The latest GDPR Fines and Data Breach Survey published by DLA Piper said Europe’s data protection authorities were sent an average of 443 personal data breach notifications a day from 28 January 2025 to the present and that fines topped £1 billion (€1.2 billion) in 2025.
KEY FACTS
- Fines Roughly £1 billion (€1.2 billion) in 2025
- Cumulative €7.1 billion in penalties since May 2018
- Daily reports 443 personal data breach notifications on average since 28 January 2025
- Top enforcer Ireland has issued €4.04 billion in fines overall
The survey places the 2025 total fines at roughly £1 billion, a small rise from £996 million in 2024, and records a cumulative total of about €7.1 billion since GDPR came into force in May 2018.
The increase in reported breaches represents a 22 percent rise on the previous year and is the first time daily reports have averaged more than 400 since GDPR began.
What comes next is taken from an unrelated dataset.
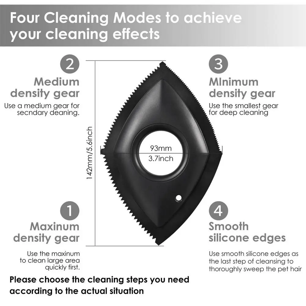 1. Four Cleaning Modes: This hair remover has 4 modes with different densities. You can switch the mode according to the number and length of pet hair to achieve the best cleaning effect.
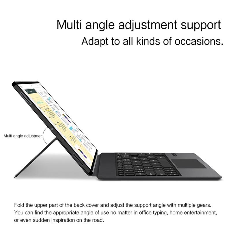 Améliorez votre Samsung Galaxy Tab S11 Ultra avec l'étui-clavier Bluetooth, un accessoire 2-en-1 multifonctionnel qui allie protection, productivité et style. Fabriqué en polyuréthane de première qualité, cet étui élégant offre une protection complète contre les rayures, les chocs et les empreintes digitales, tout en conservant un aspect professionnel. Le clavier Bluetooth se connecte sans fil pour une frappe fluide et réactive, tandis que le pavé tactile intégré prend en charge le contrôle multi-gestes pour une navigation sans effort. Le clavier rétroéclairé vous permet de taper confortablement même dans des environnements peu éclairés. Le support réglable intégré offre un angle de vue ergonomique, ce qui le rend parfait pour la saisie, la lecture en continu ou la lecture. Conçu pour les affaires, les voyages ou l'usage quotidien, cet étui-clavier transforme votre tablette en station de travail portable.

The document links multiple contributing factors including geopolitics, repeated cyber incidents and widely available attack tooling. It also highlights that organisations face added reporting duties under new laws such as NIS2 and DORA.
Enforcement remains concentrated. Ireland issued the largest aggregate total of fines at €4.04 billion since 2018 and imposed the biggest single penalty of 2025, a €530 million fine against TikTok for unlawful international transfers. The largest GDPR sanction to date is a €1.2 billion fine against Meta from 2023.
WHY IT MATTERS
Higher daily breach notifications and steady fines increase compliance workloads and reinforce the need for organisations to maintain robust incident handling and cross‑border data transfer practices.